There is a saying ‘once bitten twice shy’. APNU ought to have been shy of the AFC, since the AFC has more than once broken ranks with APNU in the National Assembly. It also refused in 2011 to come under the Big Tent.


APNU has also suddenly realized that the ruling PPP was pretending that it was not interested in local government elections, but that behind the scenes the PPP administration was doing tremendous development works in communities across Guyana as it secretly prepared for local government elections. The recent opening of a $604M access road to La Parfaite Harmonie, the resurfacing of roads in many villages along the coast, the launch of a billion-dollar countrywide clean up- campaign, the commencement of major road works in East Bank Berbice, the impending distribution of close to a billion dollars as a grant to parents of school children are all signs that the PPP is ready for local government elections, but was hedging so as to allow these works to be completed.


APNU, which was drawn back into its constituencies in checking the Preliminary List of Electors, must have been taken aback by the massive amount of work that it saw being undertaken in many communities in Guyana.


APNU has therefore taken a decision to press for local government polls, so as to defuse the PPP making further gains. The problem, however, is that the people are not in any mood for elections.


Right now the main concern of the Guyanese people is Chikungunya. There have been many kinds of flu to have hit Guyana. One recalls the deadly effects of a flu which was called the Hong Kong Flu. Guyana was spared the Bird Flu and SARS, but there has been no avoiding Chikunguya. While there have not been significant fatalities associated with this flu, many Guyanese are literally hurting because of the outbreak of Chikungunya.


As Guyanese would say, the pains in their joints caused by the Chikungunya are no “three cents” affairs. Chikungunya is extremely painful. Many have complained that the pain can at times be excruciating. And it seems as if there is not letting up with this virus. It is spreading throughout the coast, even if it is at a lesser rate than when it first began a few months ago.

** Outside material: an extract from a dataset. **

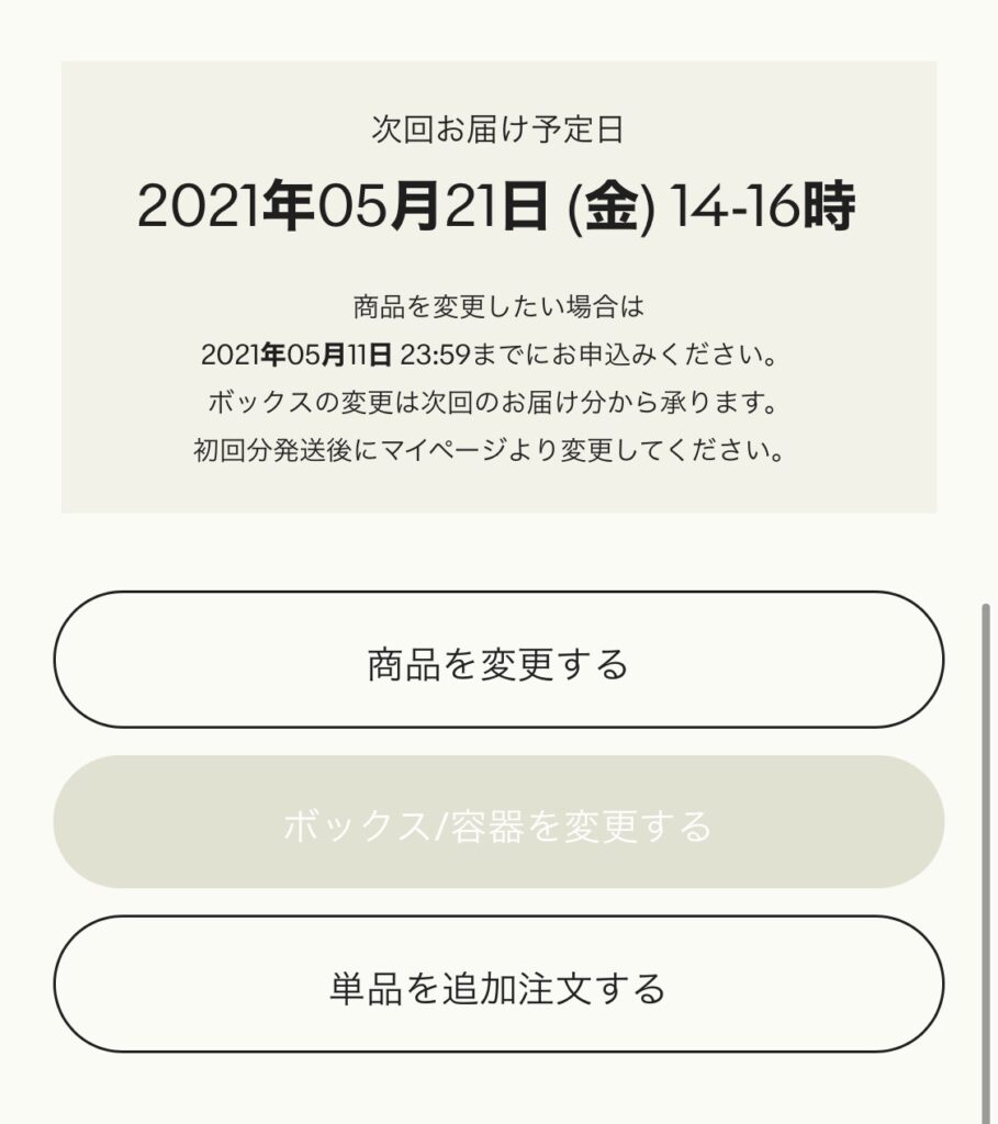 マイページの「次回お届け予定日」の下に書いてある変更締切日(上の画像の場合は「2021年5月11日」)までに解約をしないと、次のお届けが届いてしまいます。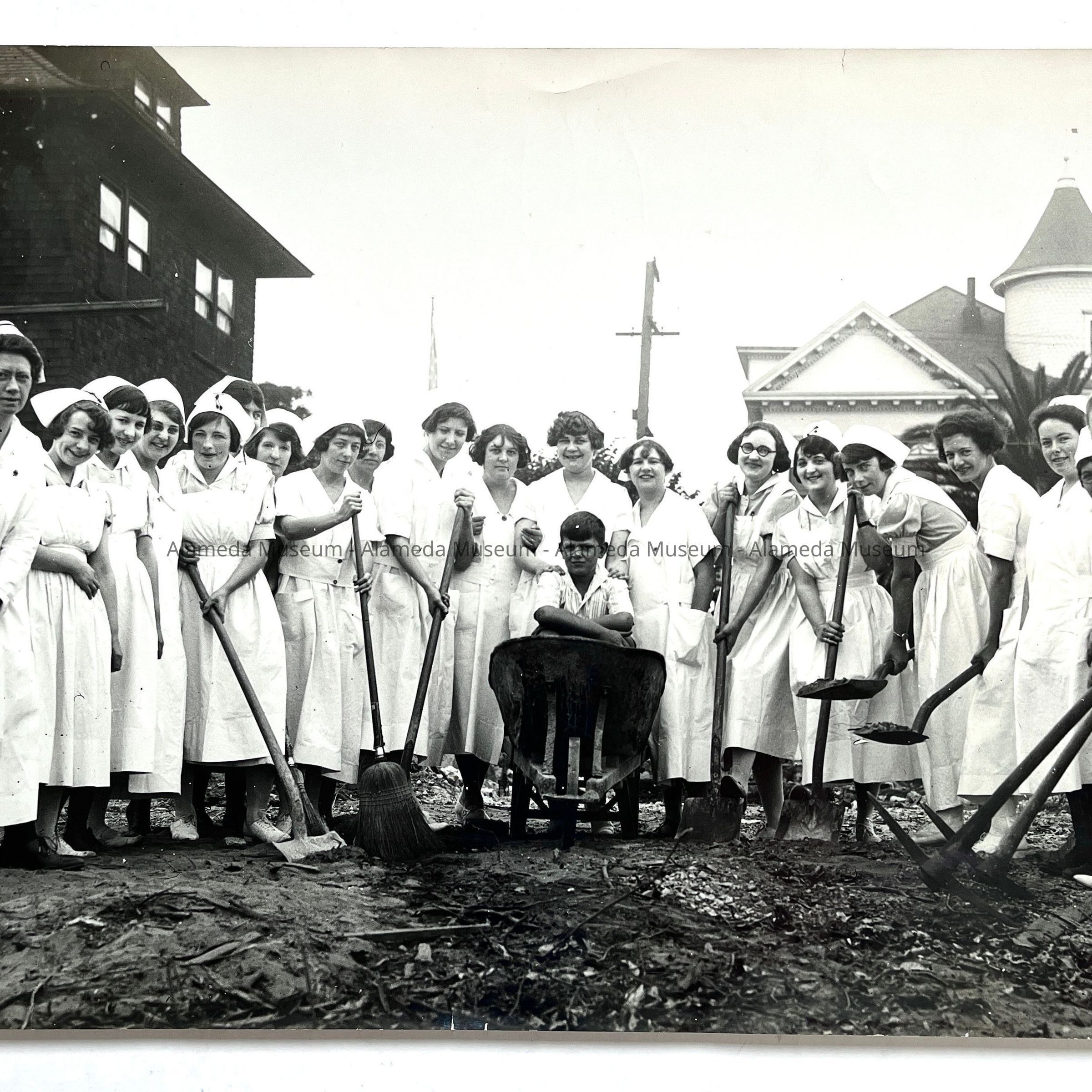 History of Object: Photo of nurses participating in the ground-breaking ceremony for the new Alameda Sanatorium building, August, 1924.

And while Guyanese are trying their best to avoid contracting Chikunguna, they are also well aware of the fact that in West Africa there has been a deadly outbreak of the Ebola virus. It is understood that nationally there is a plan being developed to help prevent an outbreak in Guyana and if necessary, to deal with any possible outbreak.


Well, I would like to warn those involved in developing a national response to any possible outbreak of Ebola in Guyana, that if Ebola comes here, it will rapidly increase the number of dead on the Preliminary Voters’ List. If GECOM is not worried about the couple of thousand dead persons whose names still appear on the PLE, it would have to think differently if Ebola comes here.


If Ebola hits here, the hospitals are not going to be filled. They are going to be emptied, because no one will want to go anywhere near where an Ebola patient is. Ebola is serious.


There is no national plan that Guyana can launch to contain Ebola within our borders. The only solution is for Guyana to prevent it from reaching our shores. And in order for this to happen, Guyana has to immediately place immigration controls on any person coming from countries in which the Ebola virus has broken out. It also has to prevent entry into Guyana to any individual landing from those countries.


This is the ultimatum that APNU should be issuing to the government. It should be ordering the government to close its ports of entry and border to persons coming from those countries where the epidemic has been discovered. If Ebola hits Guyana, there is no election, local or national, that will rescue this country.